Latest update February 15th, 2025 12:52 PM
Jul 16, 2009 Features / Columnists, Freddie Kissoon
I had a chat some months ago with Christopher Ram and I expressed my anger at what women’s activist and one of the former shining stars of the Working People Alliance, Sister Andaiye, has become. Not that I have missed out on what Keith Scott, formerly of the WPA’s leadership and Walter Rodney’s brother-in-law, has become too. He teamed up with the PNC and formed the farce called PNC-Reform-One Guyana. I don’t think Keith views Corbin as his leader from our discussions at the wake for Josh Ramsammy but legally Corbin is the leader of PNC-Reform-One Guyana.
I vented my frustration to Christopher Ram because anti-dictatorship fighters like Andaiye inspired me when I was young. I learnt a lot from people like her. I told Mr. Ram that when the business community bestowed an honour on Andaiye a few months ago, I thought she would have given an outstanding speech on the degeneration of power that makes Guyana today a worse polity than when she fought Forbes Burnham. Andaiye is a woman activist but strangely didn’t utter a word about what poor Varshnie Singh went through with her relationship with President Jagdeo.
If you read my columns over the long years you would know that there are times that I enjoy a moment of satire. I did an article a few years ago in which I wrote of how I dropped dead after reading something that the Government did. In another column, I described how the shock sent hot coffee into my legs and burnt me to the bone so I was paralysed.

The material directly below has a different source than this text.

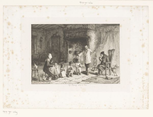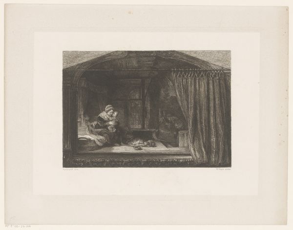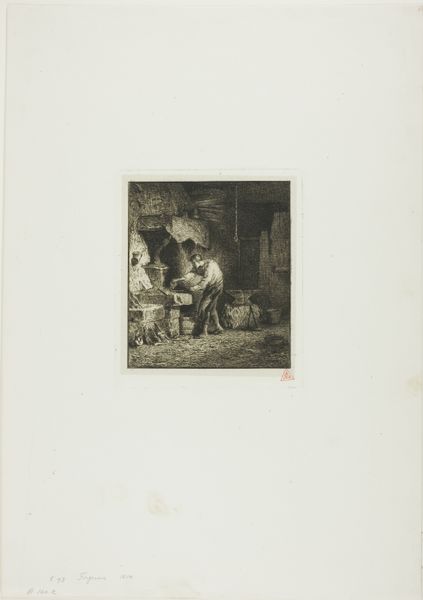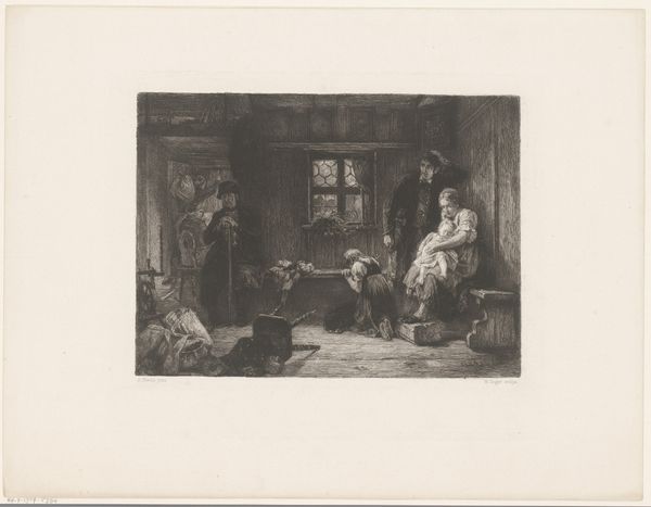 Curator: Here we have Guillaume Joseph Vertommen’s "Company of Five Drinking Warriors by a Hearth," an etching dating back to 1850 and housed right here in the Rijksmuseum. What’s your initial read? Editor: Immediately, it feels…dim. Almost claustrophobic. The figures are gathered so tightly in this space, lit mostly by what I assume is the hearth, it has a certain intimacy to it, or perhaps a weariness, after a long day’s march, no doubt. It feels incredibly…grounded. Curator: That’s astute. Genre scenes like this were very popular in the mid-19th century. Artists were really turning their attention to the everyday lives of ordinary people, which signaled a broader shift in social consciousness, particularly with movements like realism gaining momentum. Art was meant to mirror society, capturing slices of life as they were, or as some hoped to see them represented. Editor: Mirroring society, maybe...but through whose eyes? These 'warriors', cozy with their tankards in their hideaway are probably romanticized versions, don’t you think? But still, I get a feeling of shared stories, that camaraderie built from shared danger or difficulty. You can almost hear their voices, slurred slightly by drink and exhaustion, telling tales both real and exaggerated. Curator: There's undoubtedly an element of romanticism here, shaping a narrative perhaps more palatable for a public keen on heroic imagery and sentimental tales, though Vertommen grounds the scene in realism, which gives it weight, an almost journalistic quality that suggests he is documenting an unadulterated observation, while elevating an historical one. He's inviting the viewer to step inside, not just observe but also partake, engage with these figures, and consider the times they are living in. Editor: Exactly, you’ve got to wonder about their context! Were they mercenaries? National soldiers? Or are they just role-playing, indulging in historical fantasy in a troubled time? And that darkness—it obscures more than it reveals, adding layers of uncertainty that I, as an observer, just can’t shake loose. A certain discomfort rises in the darkness; in this ‘slice of life’ as you call it. Curator: It leaves us, as present-day viewers, wrestling with more complex issues. "Company of Five Drinking Warriors" serves less as a transparent depiction and more as a point of entry into debates about memory, representation, and the shaping of historical and political narratives in art. Editor: And that’s exactly what makes this image stay with you! Cheers to that.

Well another calamity struck me while having coffee with my breakfast on Monday morning. Monday morning was a terrible day for me. I slept miserably on Sunday evening because in the afternoon of that day, my back door windscreen of my car was shattered by a brick. All I thought of Monday morning when I got up was where I was going to buy one.

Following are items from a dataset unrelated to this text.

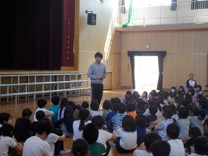 放送後、子どもたちは一回の指示で、すぐに教室から飛び出し、講堂まで走ります。
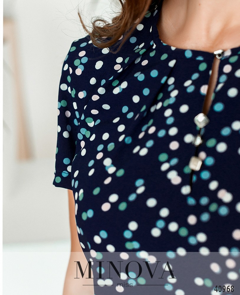Яркая блуза в горошек, вырез горловины полукруглый, под ним - ряд пуговиц с петельками-резинками. Рукава короткие, без манжет. Карманов нет. Ткань под горловиной присобрана декоративными складками.
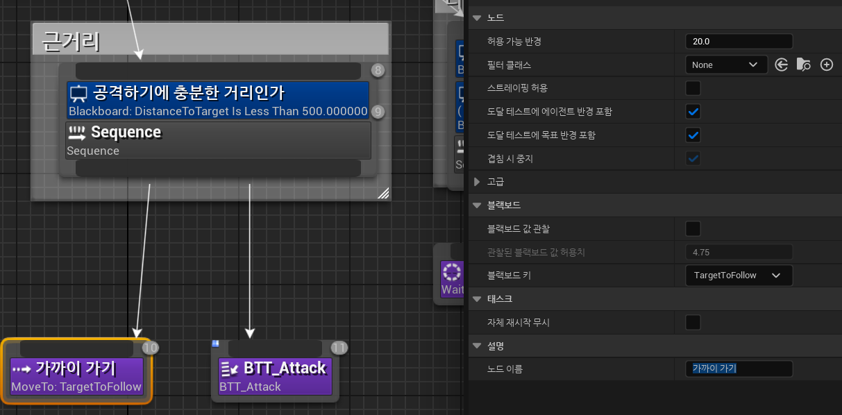 BTT_Attack 노드는 시퀀스 노드 아래에 위치하므로 실패할 때까지 계속 작동한다.
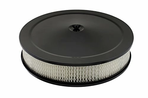 Mr. Gasket Flat Black Easy-Flow Air Cleaners help customize your engine compartment and give you that stealth look. Designed to fit all single 2-, 3-, and 4-barrel carburetors with 5.125-inch necks, these competition air cleaners are ideal for race applications and high-performance street use. They’re 14 inches in diameter, 3 inches tall, include a paper element, and have a flat, smooth top and internal baffles.
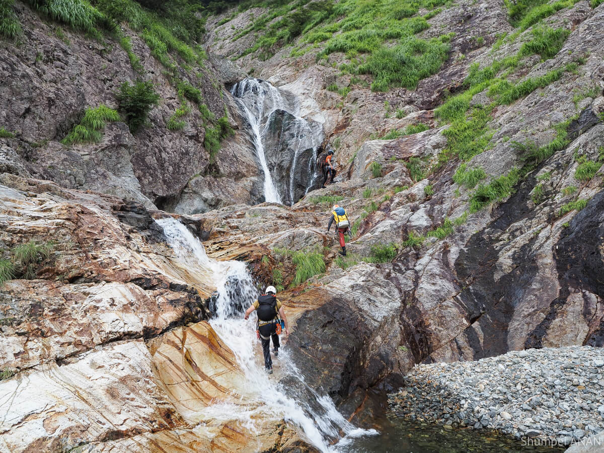 北沢は100mを超す連瀑を形成しており、水量もある。全体のスケール感は真沢以上だ! ぐんぐん連瀑を登って標高を上げていく。5人という人数でもロープを出さずに各々登っていくため全く時間はかからない。

So I completed reading Kaieteur News, picked up the Stabroek News and read “In the Diaspora” column with the title, “The Honduras Coup is the Caribbean’s Business.” What got me into danger is when I read the byline – by Andaiye, Alissa Trotz and Norman Girvan (forget the last one; he’s lives in the past).

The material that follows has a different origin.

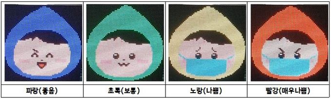 앞선 시민여론 청취 과정에서 풍무동의 한 주민은 “우리 아이들이 다니는 초등학교 앞에 노란색을 입은 미세먼지 신호등이 설치돼 안심할 수 있다”며 “친근한 캐릭터에 먼저 눈길이 가고, 야외활동 시에도 쉽게 미세먼지 농도 정보가 확인된다”고 호평했다.
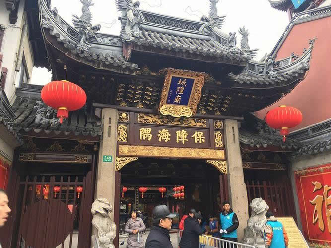 山門,是廟觀的大門,在明朝嘉靖十四年(1535年)建造的,已經有四百五十年以上的歷史了。山門的柱子是石柱,山門的橫梁是木材制作的。上面有四個金色大字“保障海隅”,原來是由明代上?h知縣馮彬題寫的,F(xiàn)在的字是在1994年上海城隍廟恢復開放的時候,根據歷史照片重新書寫的。山門前面有二個石獅子。

The coffee fell on my stomach and burnt me right through so I had to be rushed to the hospital (I’m writing this column in the intensive care unit of the dreaded Georgetown Hospital- yeah, right!).
I insisted that the ambulance take me to three optometrists first because I wasn’t sure I was seeing right. By whom? Andaiye and Alissa Trotz? Why is the Honduras coup the Caribbean’s business and not elected dictatorship in Guyana? Why would Andaiye and Alissa Trotz find time to write about a coup in Honduras and not the terrible, horrible manifestations of power degeneracy in Guyana?
I couldn’t understand it when I read that column a few weeks ago in which the writer was Nigel Westmaas, another shining star from the WPA days. He chose to reflect on the historical ties between Guyana and Barbados. I think Alissa Trotz touched on that subject last week.
“In the Diaspora” seeks to stay clear of elected dictatorship in Guyana. I can understand that Norman Girvan has little interest in what goes on in Guyana; he has an obsession with the mythical greatness of Fidel’s Cuba and Cuba’s Fidel. But surely Nigel, Andaiye and Alissa should pen a few notes on the morbidity of power in Guyana.
Let me say unapologetically that it is hard to understand how three Guyanese who care about this country, two of whom have fought valiantly for democracy in Guyana and suffered because of their valour, can find time to inform readers in and out of Guyana about what is happening in Honduras and not Guyana, their own country.
Maybe Drs. Seelochan Beharry and Anand Daljeet of Canada and Abu Bakr, of France, should be contacted to do a few pieces for the project. They write on things that are wrong about the Government of Guyana.
The best one in the series that I have read is “On petty tyrannies” by Barbados-based Guyanese, Arif Bulkan. Unlike Andaiye, Nigel and Alissa, he had Guyanese politics in mind. He was trenchant and insightful in his analysis of the abuse of power in this land. In fact Bulkan is the only writer in the series who wrote on the President and what he is doing that is wrong, illegal and unconstitutional.
How about this title; “Fear in the Diaspora?”